I bot WIW near yearly wide discount of 15% as the wiw/tip pair is trading at multimonth low (wiw underperform)... this was signficantly lower than it is now in march 2020 but so was every other cef ...the pair was near 3 sigma rich in november 21
Addams Family Trust profile picture
as long as we're being honest, I bought some WIW recently based on credit quality and maturity (ok not duration) and discount (less crowded of a trade) and didnt think much about it's "inflation linked" properties except that it is something with AA rateds that pays a decent yield. I have owned the TIP etf in the past but glad i traded it. the gist I am getting from all the discussion is that these should be traded perhaps not a good set and forget kind of thing even with the quality
Tell me how you could make the statement, “the fund [WIW] outperforms when inflation is high and rising”, AND yet the fund is down 25.28% over the last year!
@jeffrg amen...in original article you will note there is no mention rising rates (especially real) being prime determinant of performance
@mmarek evans Isn't it rather understood that rate would rise in an inflationary environment?
@jeffrg it may be understood but when article published real rates were near all time low of -1% and is now +1.37 ..below is my comment from 1/6:
sold 1/2 my wiw on close below 200dma (13.16) ...these are negatively yield assets implying in case of 10year that given a yield of -1% and 10yr yield of 1.75 that breakeven inflation is 2.75 ...add on top of that they are likely longer duration assets extremely sensitive to higher yields
Eileen Dover profile picture
Hey @Juan de la Hoz With the price of WIW down 30% since you submitted this article 12 months ago, what is your opinion on setting some cash in WIW or WIA at this time?
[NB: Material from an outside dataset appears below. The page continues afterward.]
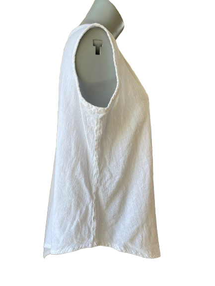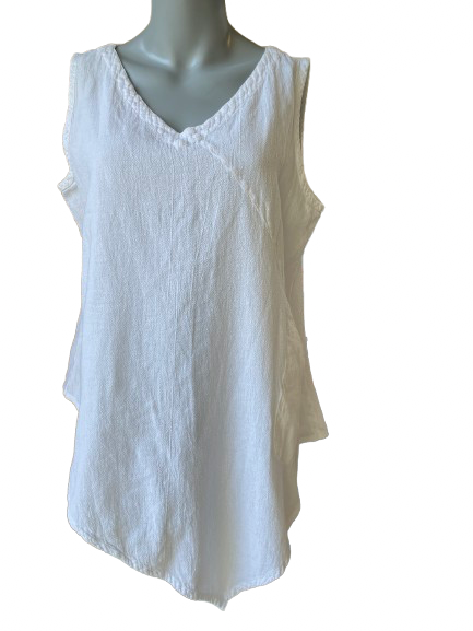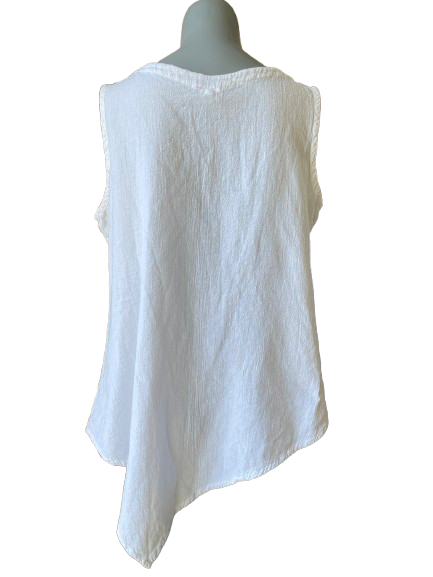 "Upgrade your summer wardrobe with this Abaca White Irregular Hem Sleeveless Top! Beat the heat in style with this cool and chic top featuring an irregular hem and sleeveless design. Perfect for a hot summer day!" šššÆ

Thank you !
Juan de la Hoz profile picture
@Eileen Dover, more bullish on WIW now down in the past for three reasons. Discounts have widened, while interest rates and inflation, which determine the fund's distributions and expected returns, have both risen. Distributions have grown too, as one would expect from higher interest rates and inflation.
Eileen Dover profile picture
@Juan de la Hoz TY very much Juan ! Would that go for WIA as well ? Do you favor one over the other? Special and Reg Ex dates are 12/21.
Juan de la Hoz profile picture
@Eileen Dover, would also go for WIA. I do not favor one over the other, would pick the one with the highest discount (both have the same discount right now).
I wonder how to explain the 5.5% drop in the past 30 days. Any thoughts?
@XxEnderxX back of envelope calculation TIP ETF -3% 30% leverage -1% widening discount to nav -1.5%.. as long time holder of WIW in period of low inflation I welcomed the bidding up of TIPS to negative yields of as much near -1.5 % to liquidate ... given approximately 7yr duration the rise in rates I believe overwhelmed the upward adjustment in bond price due to inflation running near 7%
sold 1/2 my wiw on close below 200dma (13.16) ...these are negatively yield assets implying in case of 10year that given a yield of -1% and 10yr yield of 1.75 that breakeven inflation is 2.75 ...add on top that they are likley longer duration assets extremely sensitive to higher yields
1/7 stopped out of balance of position on close below 12.84 ...the underlying asset class (TIP) also seems to have broken down closing below 126.65.. the wiw/tip leveraged pair is trading near 2 sigma cheap (wiw underperform) as result of widening discount to nav
1/19 new multimonth low on TIP ETF on back of sharp rise in interest rates...w ...wiw had a brief rally based on narrowing discount to nav but would expect continued weakness
1/20 wiw/tip leveraged pair trading near multimonth low.. tip etf lingering near recent lows.. not a good combinaton
4/25 TIP has continued its downtrend (along with rest of fixed income market) going from 128.46 when article written to its current level of 121.48 (-5.5%) and WIW has plummeted going from 13.39 to 11.23 ( not including .194 in dividends ) for a nearly 15% drop.. this had made WIW cheap to the underlying.. I am looking for reversal in TIP to enter.. close above 122.11 would confirm
2whiteroses profile picture
@mmarek evans Did you read the section "TIPS Overview?" I wonder how relevant duration is to a security tied to inflation when inflation is a probably reason for higher interest rates.
@2whiteroses i did it read it.. why don't you read this

If nominal government bonds are yielding 5% and TIPS are yielding 3% for the same maturity, the assumption is that the annualized CPI will be 2%. If actual inflation over the course of the year exceeds 2%, the TIPS bondholders receive a higher real return than nominal bondholders. That 2% threshold is referred to as the inflation break-even point, beyond which the TIPS becomes a better value than the nominal bond.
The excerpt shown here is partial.